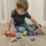 A szett két autót tartalmaz, azonos tematikus dizájnnal, ami növeli az interaktivitást és lehetőséget ad a gyerekeknek saját kalandok és történetek megalkotására. A tökéletes méretének köszönhetően ideális kis kézekbe.
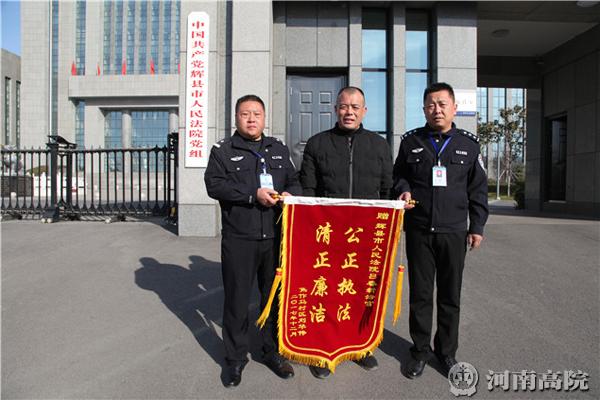 12月11日上午10时许,家住焦作市马村区的刘某将一面写有“公正执法,清正廉洁”的锦旗送到了辉县市法院执行局吕春新法官的手中,以表达其对执行法官的感激之情。
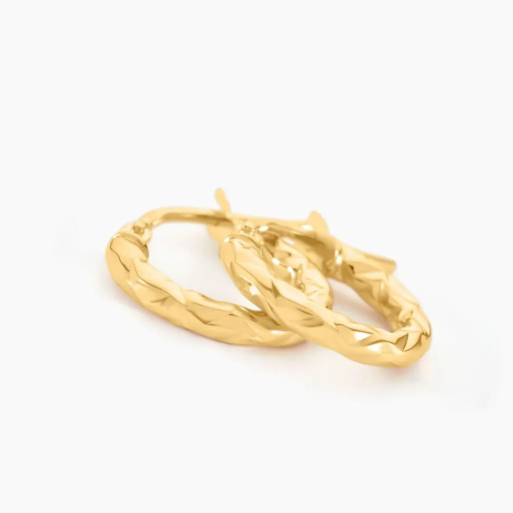 Créoles Or Jaune 375/1000 Fil Rond Diamante Epaisseur 2mm Diamètre 8mm
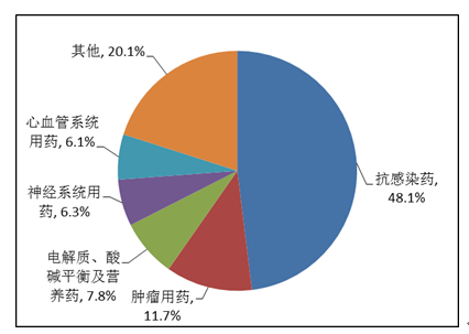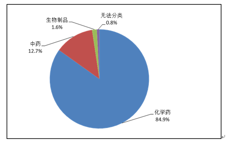 按照藥品類(lèi)別統(tǒng)計(jì),化學(xué)藥品占86.6%,中藥占12.6%,生物制品占0.8%?;瘜W(xué)藥品排名居前的藥品類(lèi)別是抗感染藥、心血管系統(tǒng)用藥、腫瘤用藥、神經(jīng)系統(tǒng)用藥、電解質(zhì)、酸堿平衡及營(yíng)養(yǎng)藥;中藥排名居前的藥品類(lèi)別是理血?jiǎng)?、補(bǔ)益劑、祛濕劑、開(kāi)竅劑、清熱劑。
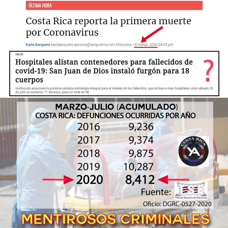 Analicemos lo siguiente…y comparta para que todo el mundo se entere...*-*-*-*-*-*-*-*-*-*-*-*-*-*Desde hace algún tiempo #CostaRicaYa solicitó los datos globales de muertes desde el año 2016 y vaya sorpresa, porque si observas el cuadro comparativo adjunto de los meses de MARZO a JULIO de cada año analizado, notamos que este 2020 se han dado menos muertes … Sigue leyendo Analicemos lo siguiente…y comparta para que todo el mundo se entere…
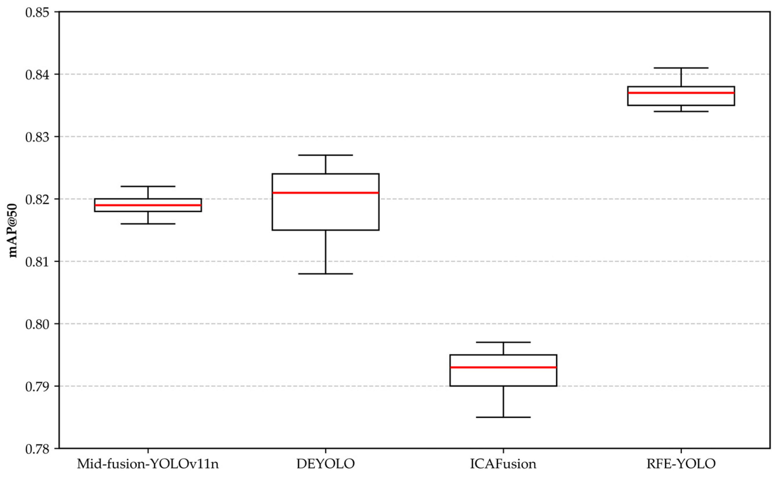 In the RGB and IR dual-modality comparison experiments, four models were selected for comparison: mid-stage fusion YOLOv11n, DEYOLO, ICAFusion, and RFE-YOLO. Each set of experiments was independently repeated five times, and the results were plotted as box plots to demonstrate the performance distribution and stability of different models across multiple experiments, as shown in
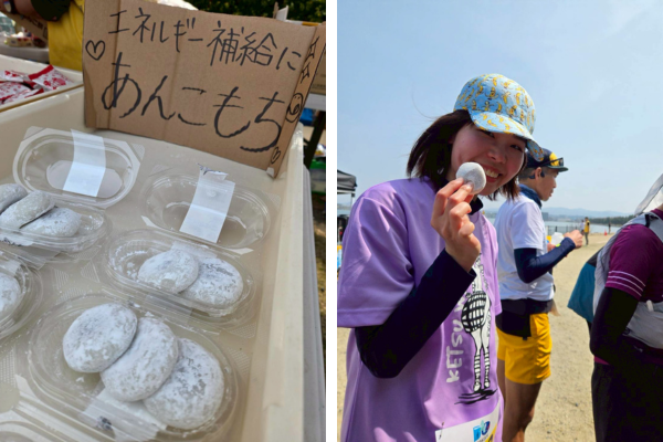 明日香野はエイドステーションにて「プチ白あんこ餅」を提供。周回コースの特性を活かし、多くのランナーにご賞味いただきました。「おかわりしてもいいですか?」と多くの方からお声がけいただくなど大変喜んでいただけました。
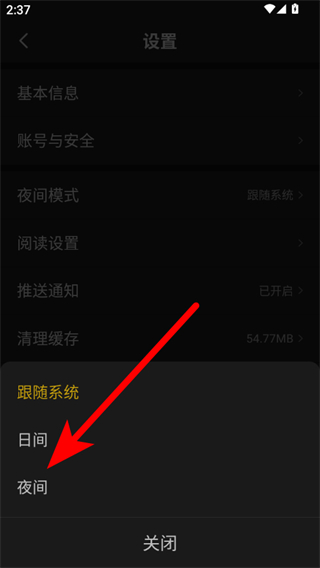 4、在模式選擇框中,點擊夜間選項,即可開啟夜間閱讀模式。
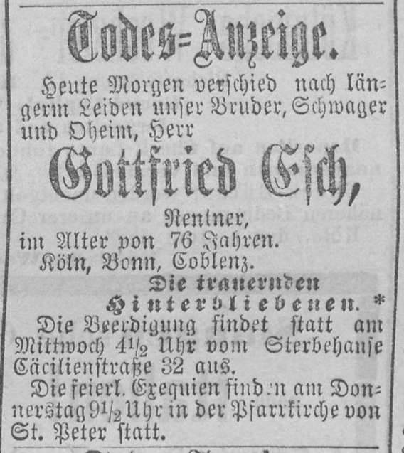 aus dem Jahr 1886, erschienen im Kölner Sonntags-Anzeiger, Ausgabe 530
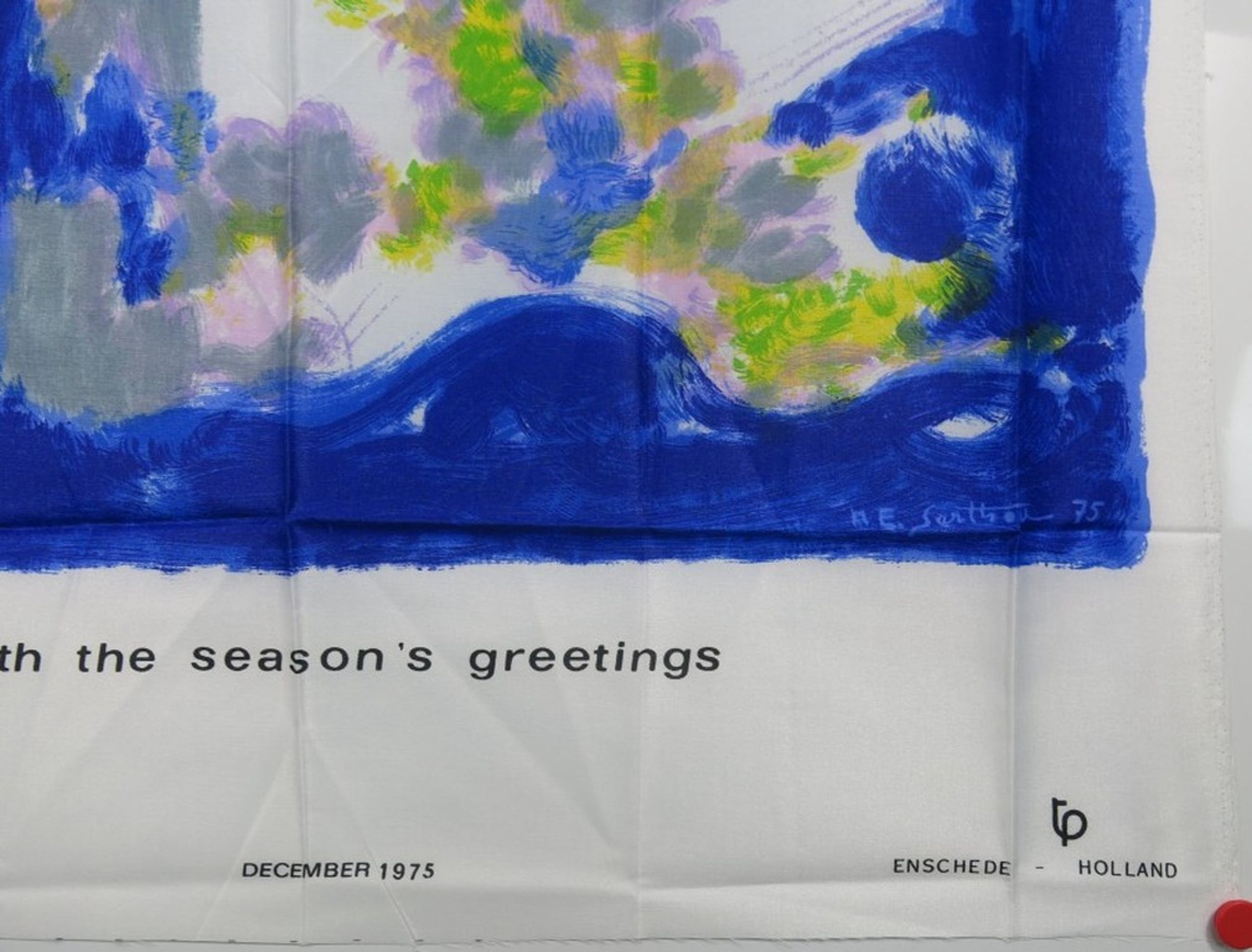 Texoprint bv vroeg jaarlijks een kunstenaar voor de vervaardiging van een zeefdruk op textiel, welke werd uitgebracht in een oplage van 200. Wij veilen nu diverse van deze uitgaves.
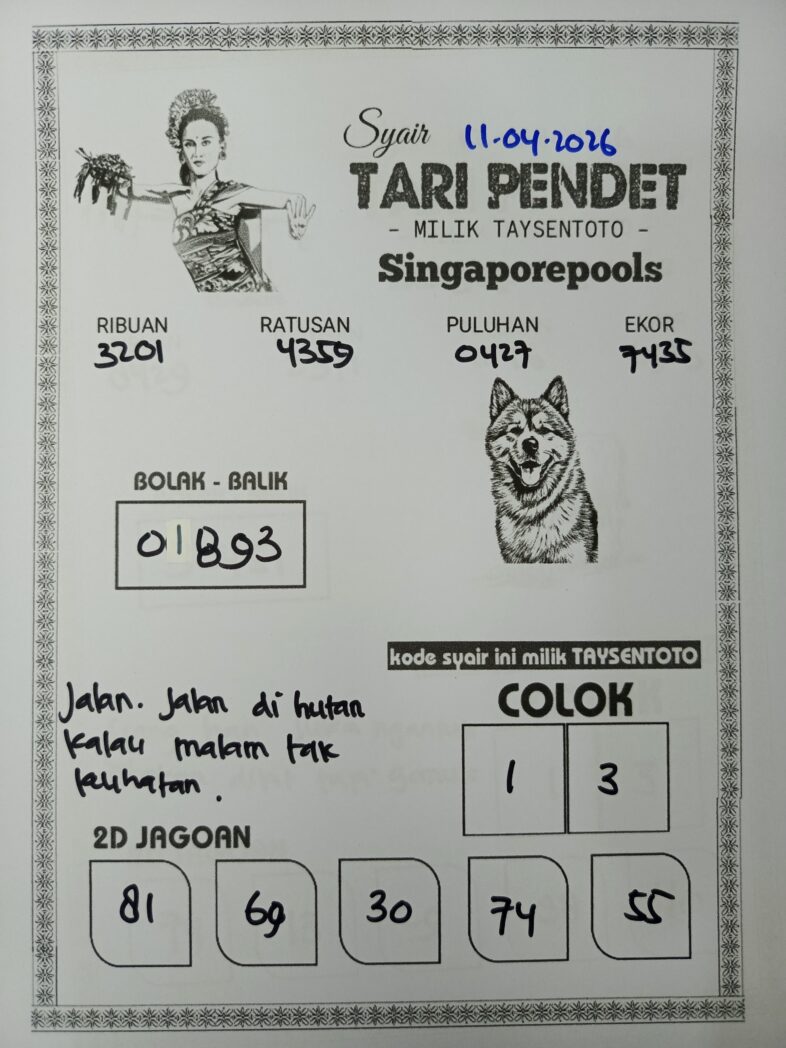Syair Tari Pendet SGP Hari ini Sabtu, 11 April 2026
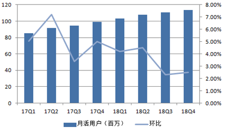 虽然直播业务为陌陌带来可观的营收,但对于公司用户增长和社交地位来看意义不大。公司用户规模增速已经开始下滑,自2017年第二季度,用户环比增速达到最高的7.2%后,就开始震荡下滑,2018年第四季度增速已经降至2.5%。
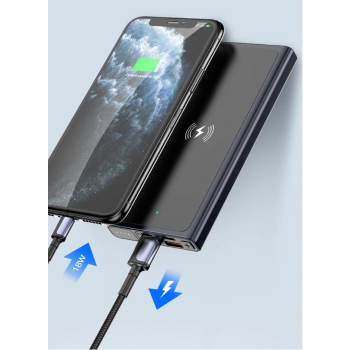 Gracias a la batería integrada de 10 000 mAh, siempre tendrás varias cargas para tu smartphone en el bolsillo. No necesitas conectar ningún cable; simplemente coloca tu teléfono en la batería externa inalámbrica y ¡se cargará al instante!
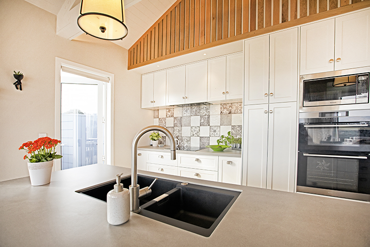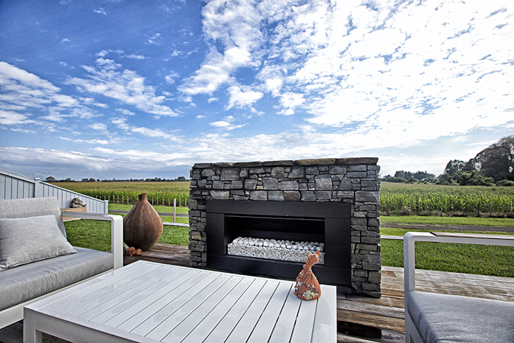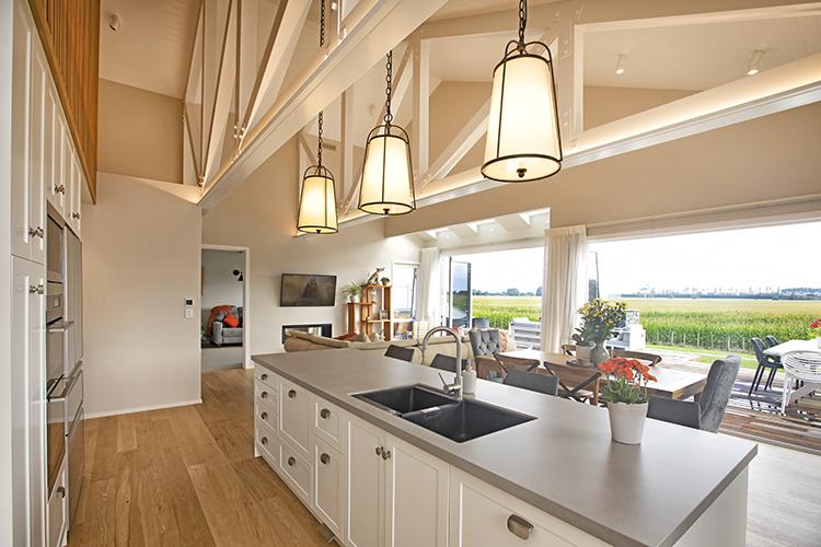 This home features a modern living layout with a country villa style designed for their lifestyle and maximising the rural vista views. The exposed trusses were built onsite and the villa board ceiling gives a timber panelling effect throughout the main kitchen/living area. The use of box corners, window sills and facings give the double glazed joinery the unique illusion of old fashioned timber frames. The kitchen features a totara batten feature wall bringing warmth to the open plan layout which combines the charm of a country style kitchen with the convenience of a modern layout. A double sided internal fire place gives a warm ambient glow to both living areas. The bathrooms feature a free standing bath with custom made timber vanities to extend the country theme throughout the home. Outside you are entertained by not only the views but the large decked area, spa and outdoor fire which is covered with schist. The Back Country Builders team enjoyed the challenges this build presented. The owners and the team are equally impressed with the finished project.
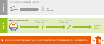 Statt komplette Leuchten zu entsorgen, ermöglicht das System den Austausch von Lichtquelle und Treiber.

◇ ◇ ◇ ◇ ◇

- **Exercise objective**: Output the lines, exactly: the first line of the entries above, every line after it, and the line with "mundo se entere…" as the last. No pictures.

- **Solution for this task**:
 A szett két autót tartalmaz, azonos tematikus dizájnnal, ami növeli az interaktivitást és lehetőséget ad a gyerekeknek saját kalandok és történetek megalkotására. A tökéletes méretének köszönhetően ideális kis kézekbe.
 12月11日上午10时许,家住焦作市马村区的刘某将一面写有“公正执法,清正廉洁”的锦旗送到了辉县市法院执行局吕春新法官的手中,以表达其对执行法官的感激之情。
 Créoles Or Jaune 375/1000 Fil Rond Diamante Epaisseur 2mm Diamètre 8mm
 按照藥品類(lèi)別統(tǒng)計(jì),化學(xué)藥品占86.6%,中藥占12.6%,生物制品占0.8%?;瘜W(xué)藥品排名居前的藥品類(lèi)別是抗感染藥、心血管系統(tǒng)用藥、腫瘤用藥、神經(jīng)系統(tǒng)用藥、電解質(zhì)、酸堿平衡及營(yíng)養(yǎng)藥;中藥排名居前的藥品類(lèi)別是理血?jiǎng)?、補(bǔ)益劑、祛濕劑、開(kāi)竅劑、清熱劑。
 Analicemos lo siguiente…y comparta para que todo el mundo se entere...*-*-*-*-*-*-*-*-*-*-*-*-*-*Desde hace algún tiempo #CostaRicaYa solicitó los datos globales de muertes desde el año 2016 y vaya sorpresa, porque si observas el cuadro comparativo adjunto de los meses de MARZO a JULIO de cada año analizado, notamos que este 2020 se han dado menos muertes … Sigue leyendo Analicemos lo siguiente…y comparta para que todo el mundo se entere…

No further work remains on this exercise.